### [Information supplied]
========================================================================
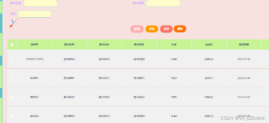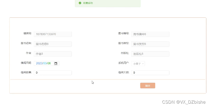 管理员发布图书后,图书在系统前台显示,用户浏览图书信息,包括图书编号、图书名称、图书类别、作者、图书封面,选择相应的图书借阅,通过id传参,找到该图书,在图书借阅添加页提交借阅表单,生成借阅记录。
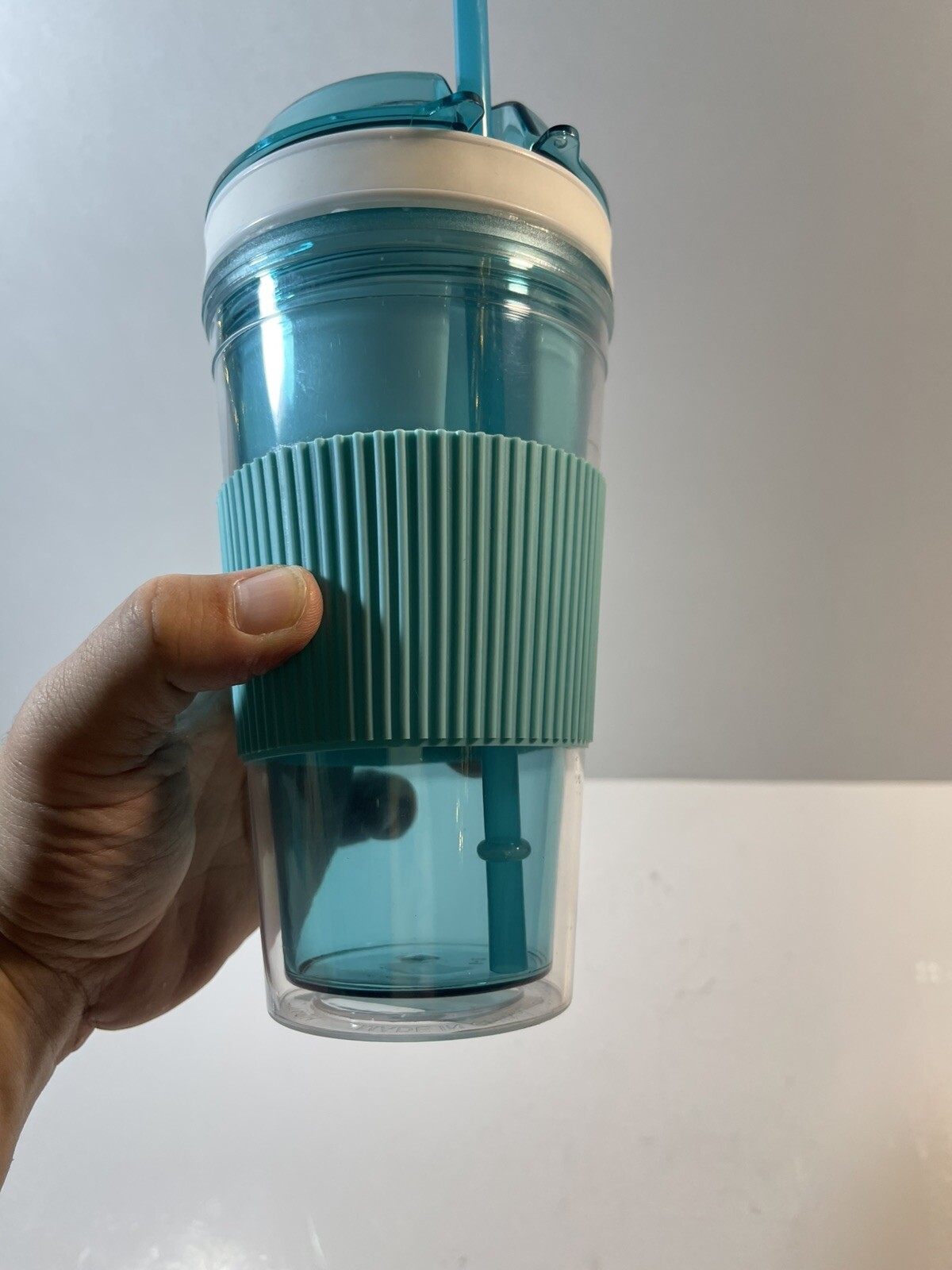 The product is a transparent cup in teal, light blue, and green colors. It comes with a soft grip lid and a straw. It is part of a set that includes a cup.
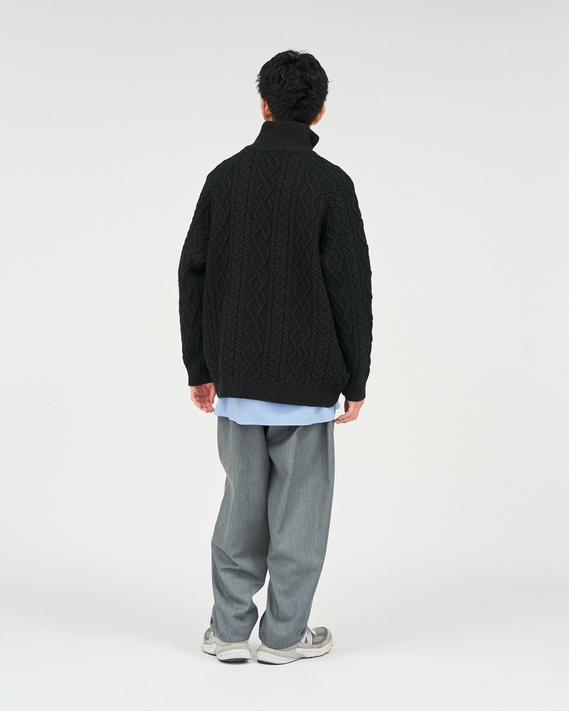 伝統的なアラン編のフィッシャーマンセーターを現代的にアップデート。伸縮性や形態安定性に優れたSOLOTEX糸にシェットランドウールをカバーリングしたハイブリットな一着。
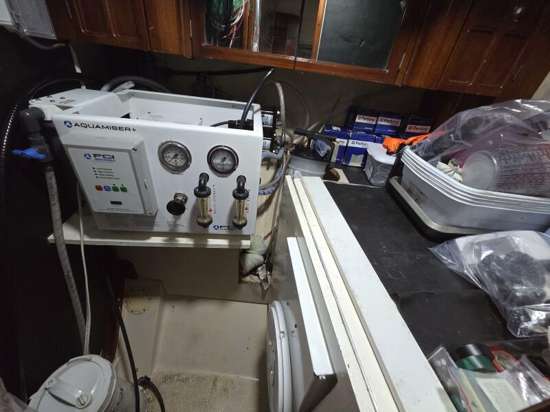 - Starboard Cabin: The former head has been converted into a work room, housing the genset, watermaker, and supplies parts.
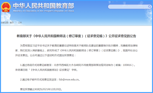 中工网讯 据教育部网站消息,11月29日,教育部发布了关于《中华人民共和国教师法(修订草案)(征求意见稿)》公开征求意见的公告。
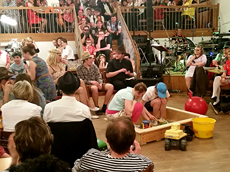 Auffällig war die Inszenierung der Fernsehserie „Bauer sucht Frau“. Der Bauer (Stefan) hatte seine gesamte „Kuh-Herde“ mit zum Ball gebracht. Unsere Jugend war somit sehr stark am Kappenabend vertreten. Natürlich gab es von den Wambecker‘n wieder die heiß ersehnte Einlage. Die Szenen am Kinderspielplatz spiegelten die eine oder andere Begebenheit aus Wambach und Umgebung wieder. Viel Wortwitz und eine wirklich gute Darstellung der Ereignisse sorgten für gute Stimmung und viel Anstrengung der Lachmuskeln. Es wurde viel getanzt und gelacht – eine sehr gelungene Veranstaltung die überwiegend junges Publikum angezogen hat. Die Besucherzahl kann sich auch sehen lassen. So viele Besucher haben den Kappenabend besucht wie schon lange nicht mehr.
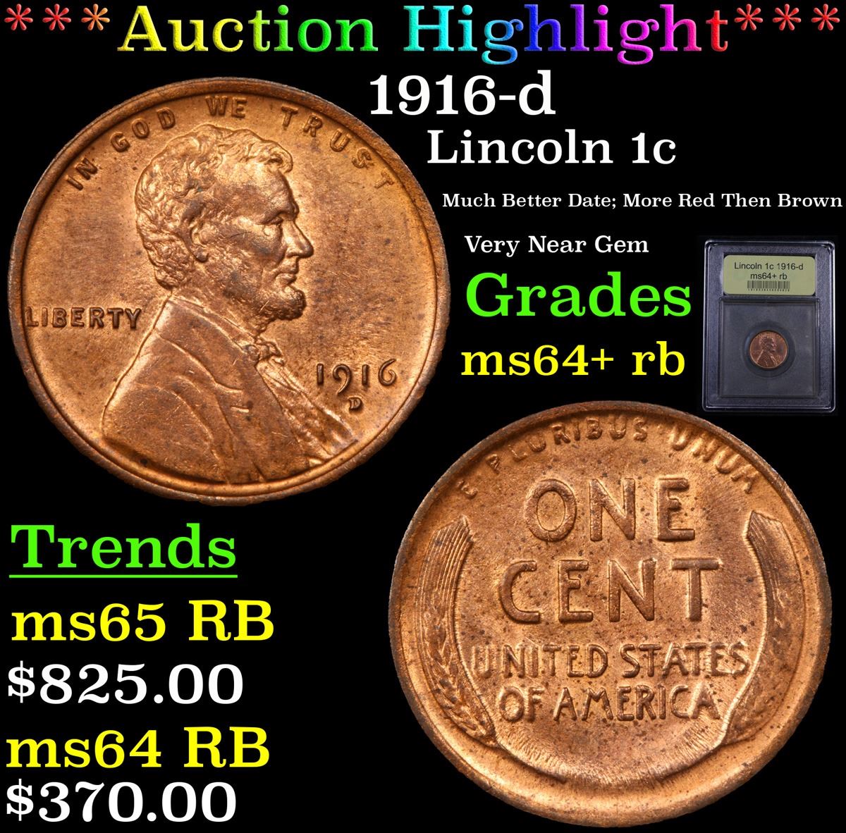***Auction Highlight*** 1916-d Lincoln Cent 1c Graded Choice+ Unc RB By USCG. A Corey's Pick, Bid to Win Coin
========================================================================
### [About this task]
Starting with the first line of the material above and ending with the line that holds "中工网讯 据教育部网站消息,11月29日", write out those lines exactly, without pictures.

### [Solution for this exercise]
 管理员发布图书后,图书在系统前台显示,用户浏览图书信息,包括图书编号、图书名称、图书类别、作者、图书封面,选择相应的图书借阅,通过id传参,找到该图书,在图书借阅添加页提交借阅表单,生成借阅记录。
 The product is a transparent cup in teal, light blue, and green colors. It comes with a soft grip lid and a straw. It is part of a set that includes a cup.
 伝統的なアラン編のフィッシャーマンセーターを現代的にアップデート。伸縮性や形態安定性に優れたSOLOTEX糸にシェットランドウールをカバーリングしたハイブリットな一着。
 - Starboard Cabin: The former head has been converted into a work room, housing the genset, watermaker, and supplies parts.
 中工网讯 据教育部网站消息,11月29日,教育部发布了关于《中华人民共和国教师法(修订草案)(征求意见稿)》公开征求意见的公告。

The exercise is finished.